Now we move on from a ferromagnetic metal to an antiferromagnetic insulator, ferrous oxide (FeO). This tutorial introduces DFT + U, a technique to compensate for errors in density-functional theory for localized electrons (such as d and f electrons).
Ferrous oxide has a rock-salt structure which consists of two inter-penetrating face-centered cubic lattices of iron and oxygen atoms, with cubic lattice contant 4.32 Angstroms (8.16 bohrs) each. We could set up that geometry using:
lattice face-centered Cubic 8.16 ion Fe 0.0 0.0 0.0 0 ion O 0.5 0.5 0.5 0
However, that geometry contains only one Fe atom per unit cell, which would then constrain every Fe atom in our structure to have the same magnetic moment, resulting in a ferromagnetic structure. We need a minimum of two Fe atoms in the unit cell to obtain an antiferromagnetic structure, so we could construct one possible antiferromagnetic structure by doubling up the unit cell:
#Save the following to FeO.in: lattice face-centered Cubic 8.16 latt-scale 1 1 2.01 #Slightly break symmetry kpoint-folding 6 6 3 ion Fe 0.0 0.0 0.00 0 ion Fe 0.0 0.0 0.50 0 ion O 0.5 0.5 0.25 0 ion O 0.5 0.5 0.75 0 ion-species GBRV/$ID_pbe.uspp elec-cutoff 20 100 elec-smearing Fermi 0.01 electronic-SCF spintype z-spin initial-magnetic-moments Fe +5 -5 dump End None density-of-states Total dump-name PBE.$VAR
Note that we used latt-scale to double the last lattice vector. Once we make the system antiferromagnetic, we will break the rotational symmetry between the first two and the third lattice directions. We make the third direction sightly different from exactly twice as long so that the system does not get constrained artifically by symmetries; in real calculations we would then optimize the lattice to find the equilibrium geometry and distortions (if any), but I skip it above to make the calculations quicker. Note that we correspondingly halved the last fractional coordinate of each atom, and repeated them once with an offset of 0.5 along the last direction. We also reduced the kpoint folding by half along that direction, since the unit cell is longer to start with in that direction.

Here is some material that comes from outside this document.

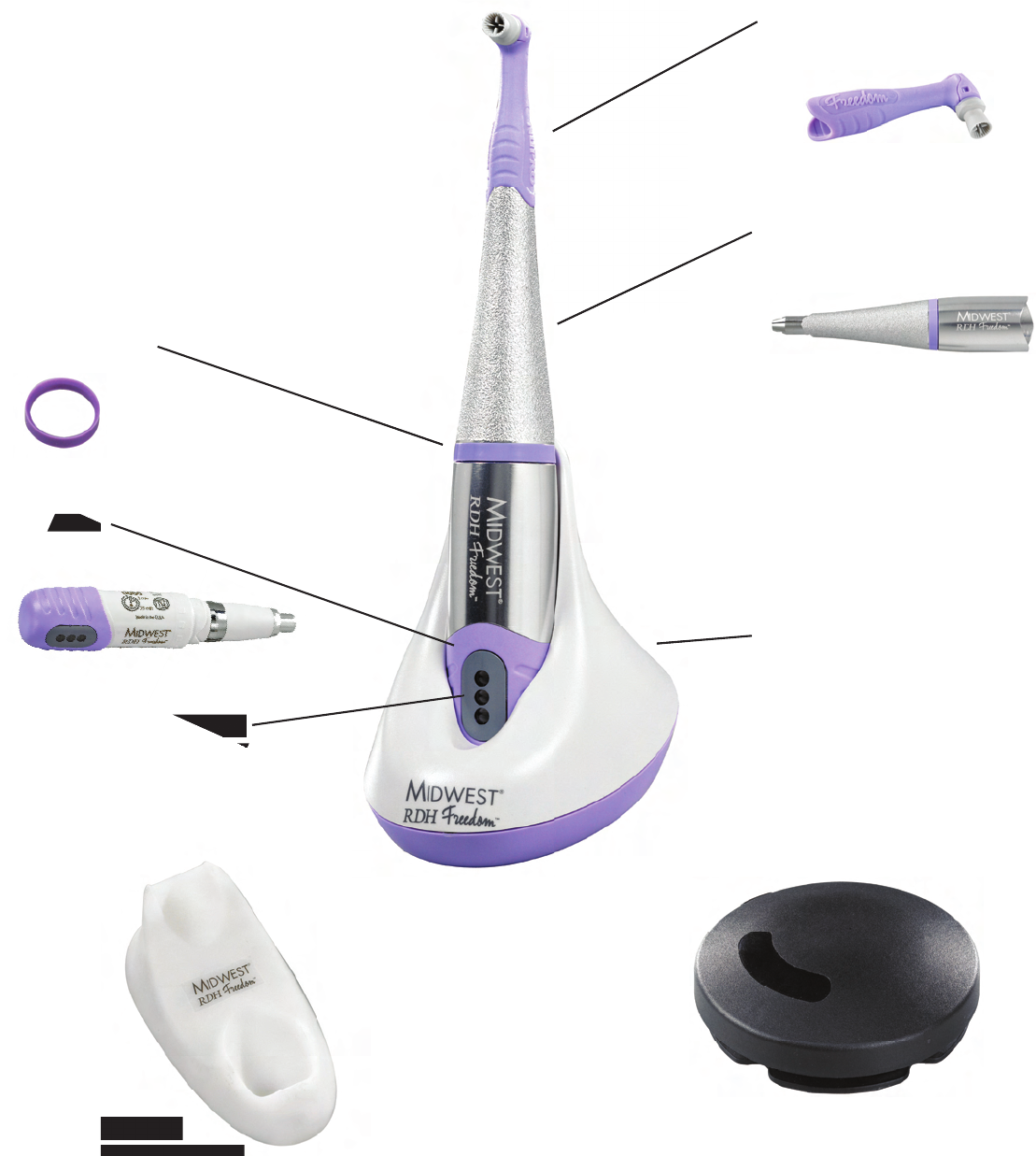 All components of the Midwest RDH Freedom Cordless Prophy System, except the Disposable Prophy Angle, which

The remaining setup is similar to the iron calculation in the Magnetism tutorial, except that instead of specifying a guess for the total magnetization of the unit cell using elec-initial-magnetization (which would be zero for an antiferromagnet), we specify guesses for each Fe atom individually using initial-magnetic-moments. Specifically, we set the initial magnetization to be equal and opposite for the two atoms in the unit cell.
Run this calculation as usual using:
mpirun -n 4 jdftx -i FeO.in | tee PBE.out
and examine the output file. This time, the FillingsUpdate lines report a total magnetization close to zero, but an absolute magnetization far from zero due to the equal and opposite magnetic moments. Additionally the absolute magnetization is 7.1, which lines up well with the absolute sum of per-atom magnetic moments estimated in the Lowdin analysis, +3.5 and -3.5. (Note that these need not line up exactly; per-atom magnetic moments do not have an unambiguous physical definition, and Lowdin analysis only provides estimates.)
Plot the up and dn spin density of states with energy relative to the Fermi level, following the previous tutorial. Note that both spin channels now have the same density of states profile because there are equal number of up and dn spins per unit cell. As an exercise, examine the orbital-projected density of states on the two Fe atoms; there should be a difference between the majority and minority spin channels on each atom. Note however, that the density of states at the Fermi level is finite, indicating that the structure is metallic, rather than insulating as expected.
The reason for this discrepancy is self-interaction errors for localized electrons in DFT. The d electrons in particular experience an unphysical Coulomb repulsion with themselves, which increases their energy and in this case, the occupied d bands cross the Fermi level rather than remaining entirely below it, thereby making the material metallic. DFT + U is a simple way to correct this issue by adding an energy correction depending on the occupation of localized states using atomic orbital projections. This however introduces a parameter U that could be calculated using perturbation theory, or calibrated to experimental properties of interest such as band gaps or formation energies. For Fe, a typical value of this parameter is 4.3 eV = 0.158 Hartrees, and we include this in the input file FeO.in by adding the command add-U :
add-U Fe d 0.158
which specifies the correction just for d orbitals of species Fe. Also, update the dump-name to PBE+U.$VAR so as to not replace previous outputs, and run "mpirun -n 4 jdftx -i FeO.in | tee PBE+U.out". Note that the magentic moments are larger after adding U because it makes it more favorable for electrons to occupy the high-spin localized orbitals. Additionally, plotting the density of states reveals that the U correction indeed opens up a gap (by pushing down occupied d orbitals in energy relative to unoccupied d orbitals), as shown at the top of the page.
Exercise: examine the electronic band structure: is the band gap direct or indirect?